Rondon did not try to make him understand that it now bore the name of the emaciated senhor in the big canoe. The fisherman did learn, however, that Roosevelt had once been President of the United States. It took a while for this information to register.

“But is he truly a president?”

Rondon explained that Roosevelt was now retired.

“Ah, but he who has been a king, is still majestic.”

When Roosevelt heard this in translation, he thanked the fisherman, and said that no ordinary person in his own country would be capable of such eloquence.

Later in the day, the expedition reached another rubber-tapping outpost, where Rondon learned that some rough stretches of river swirled downstream. Dr. Cajazeira was afraid they might fatally delay the hospital treatment his patient needed. So far, Roosevelt had declined camp surgery, but it had become imperative to lance and drain the abscess on his thigh. No anesthetic was available. On the morning of 16 April, he submitted without complaint to the agonizing operation, in which pium and boroshuda flies greedily participated. His condition at once improved, although he continued to shed weight until his clothes drooped around him.
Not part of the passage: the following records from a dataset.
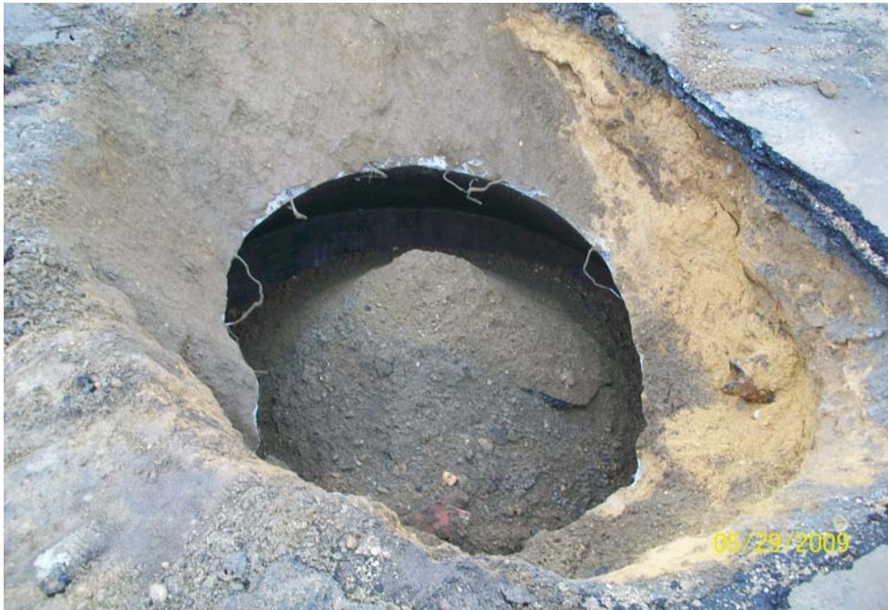
100_0725.jpg - CP-6, 51 Cabot St., partially abandoned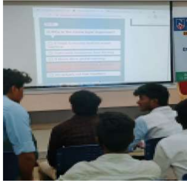
Students participating in Technical Quiz Competition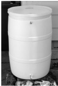
30 or 55 gallon plastic barrel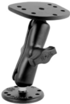
RAM-B-107-1U RAM FOR HUMMINBIRD PIRANHA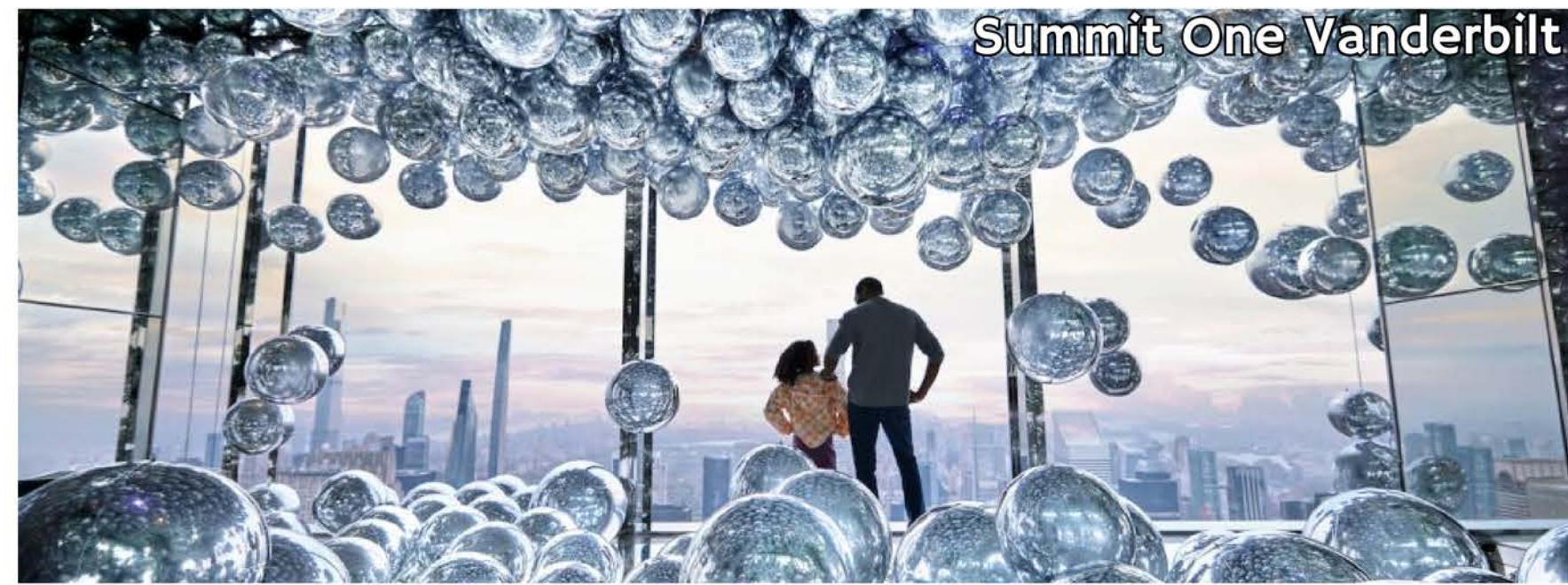
Summit One Vanderbilt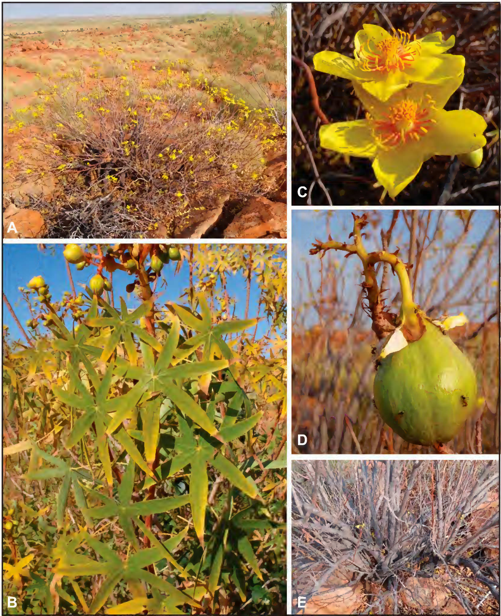
Figure 1. Cochlospermum macnamarae . A – habit and habitat; B – mature leaves; C – flowers; D – fruit; E – base of plants showing numerous stems from rootstock. All photos D. Brassington, from the type locality..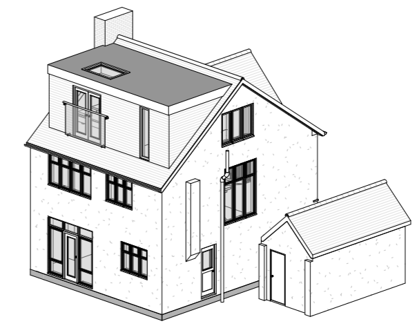
3D View 2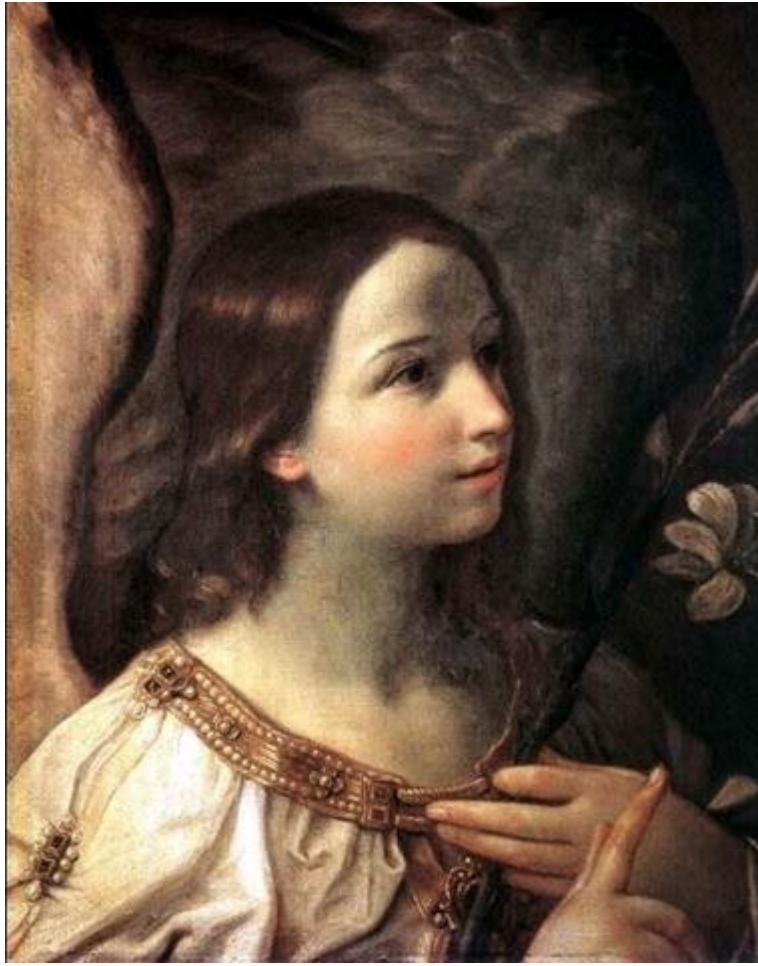
ANGEL OF THE ANNUNCIATION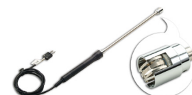
U1182A Industrial Surface Temperature Probe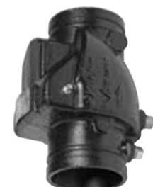
SERIES 717 FireLock™ Check Valve 2 1/2" - 12" | DN65 - DN300 Submittal 10.08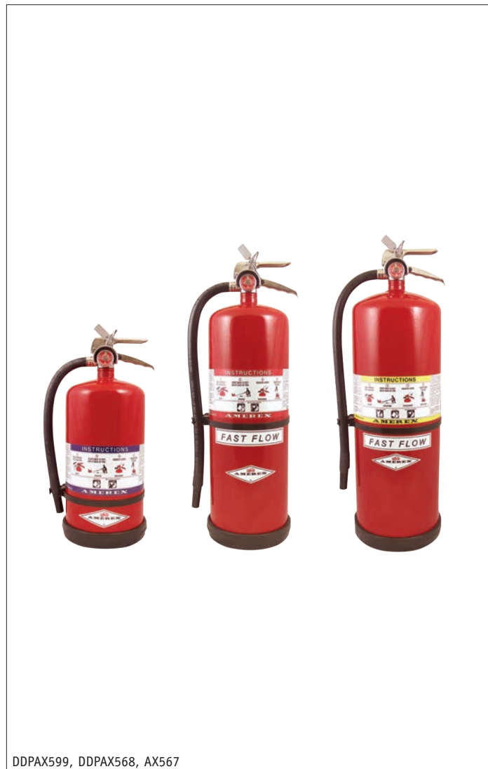
DDPAX599, DDPAX568, AX567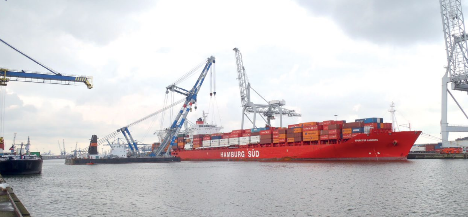
Our vessel "Spirit of Hamburg" in the port of Rotterdam during the loading process, assisted by a floating crane

It took another ten days, and several more portages, before an affluent that looked even broader than the Dúvida opened out on the right bank, and a neat tent hove into view, flying the combined colors of the United States and Brazil.
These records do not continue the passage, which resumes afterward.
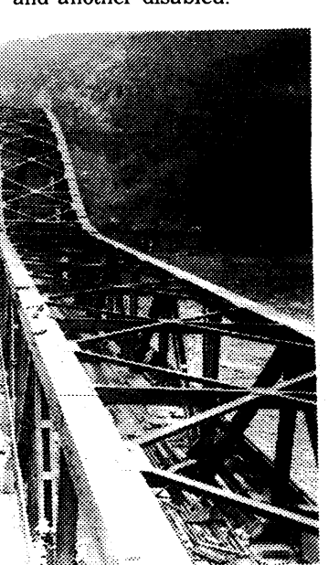
A view from tower at the West end of the Remagen Bridge spanning the Rhine at Remagen Germany. The photo is dated March 15, 1945. The bridge collapsed on March 17th.

Despite this wholesale surrendering, a patrol sent by the 9th Reconnaissance Troop over the Mulde was met with heavy anti-tank, machine gun and small arms fire. Three M-8 Recon Cars were knocked out, and another disabled.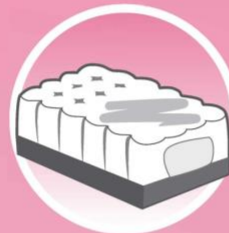
Outer Bags and Overwrap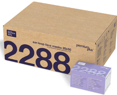
2288 20 boxes per carton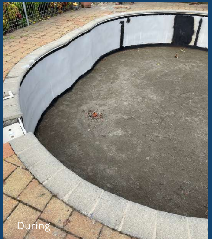
Paramount Pool liner using clipping system in Maui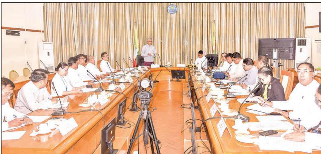
Union Minister U Aung Naing Oo speaking at meeting on implementation of infrastructure works of Kyaukpyu SEZ deep-sea port yesterday.

also serves as the Chairman of the Central Task Force on Myanmar Special Economic Zones, urged the timely completion of supportive work for the project by the respective ministries. — MNA/KZL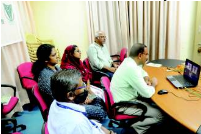
Experts from ICAR-CPCRI, Kasaragod participating in Haritha Kerala Mission Facebook Live interaction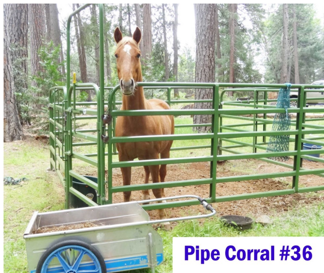
Pipe Corral #36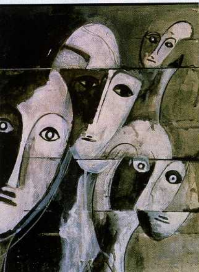
pages 1177 & 1190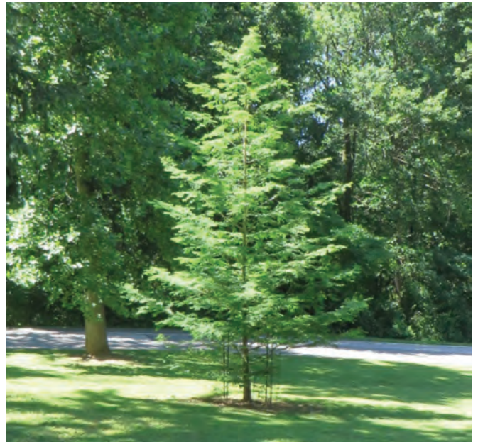
Dawn Redwood 5 years later 30 ft high - 2018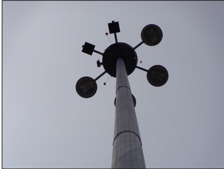
Figure 4.3.4-2: View of Luminaire Ring.

Refer to the following assessment states: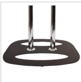
Floor base designed for use with B-Tech's Ø60mm poles (BT4005/BT4011/BT4015/ BT4020)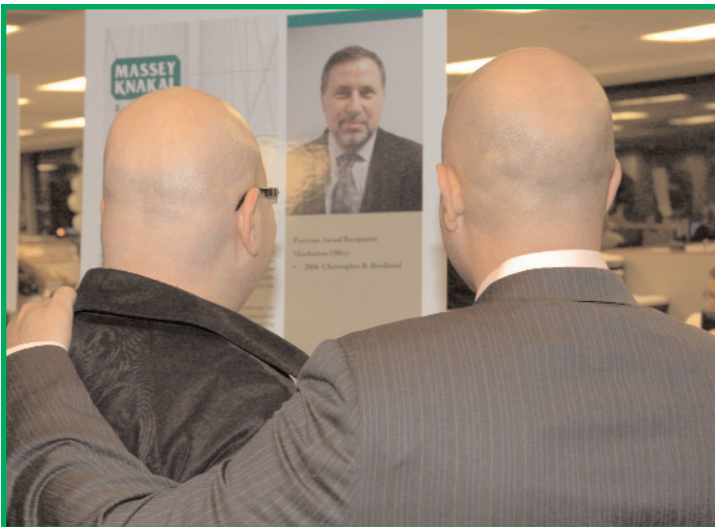
Any guesses who Mr. and Mr. Clean are?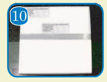
Secure the outer container lid with filamentous shipping tape. Place your return address in the upper left-hand corner of the shipper top and put the CDC Laboratory receiving address in the center.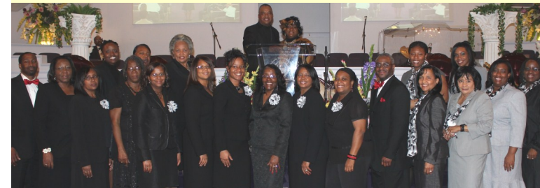
Hospitality and Pulpit Ministries Annual Day Day of Asher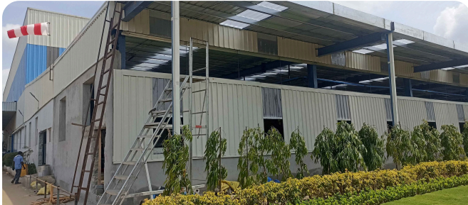
Indo Autotech Ltd Automotive Industry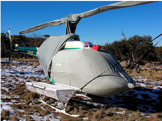
JetRanger Bubble, Engine, Rotor Hub & Blade Covers (& Tie-Downs)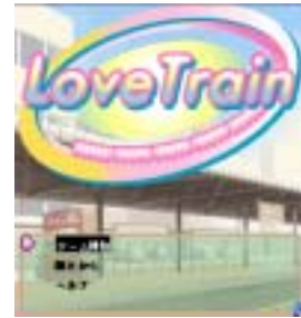
“ Love Train” Image screen(Sample)

The player must improve himself depending on which girl he is targeting in order to declare his love.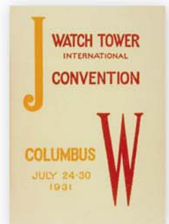
Convention program, 1931

15. (a) By the 1930’s, what had our brothers acquired? (b) What time had come?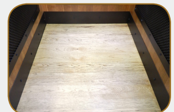
HARDWOOD FLOOR shown with Clear Coat finish.

To learn more, visit us at symmetryelevator.com or call 877-375-1428.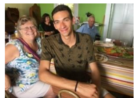
A tourist and a homeless person sharing the same table.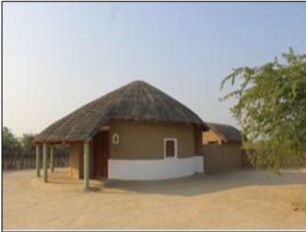
Fig. 3: Front View of Bhunga

Bhungas & Tents are meticulously constructed in the traditional way. At first stone wall is constructed then on that 5-6mm mud and cow dung plaster is done after that wooden frame is constructed for roofing over which thatch is kept to cover the roof. It takes about 25-27 days to construct a bhunga and its cost around three lakhs per bhunga including labour, material and construction cost.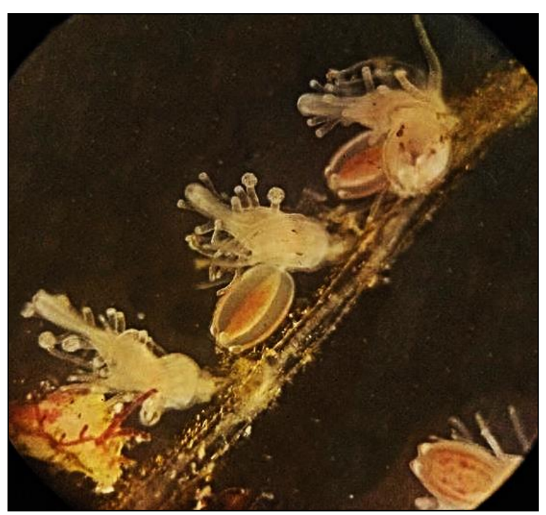
Figure 1. Pennaria disticha Goldfuss, 1820, where the pycnogonid specimens are collected.

Rondon knew at once who had pitched it, and what the affluent was. Early in the year he had ordered one of his junior officers in Amazonas, Lieutenant Antonio Pirineus de Sousa, to sail up the navigable river known as the baixo, or “lower” Aripuaná to the point that it received a river of mysterious origin, flowing north. Rondon had not been able to guarantee that the unknown river was the Dúvida, nor had he been able to predict when—if ever—he and Roosevelt might come down it. But assuming his guess was correct, he wanted Pirineus to be ready with a range of emergency supplies.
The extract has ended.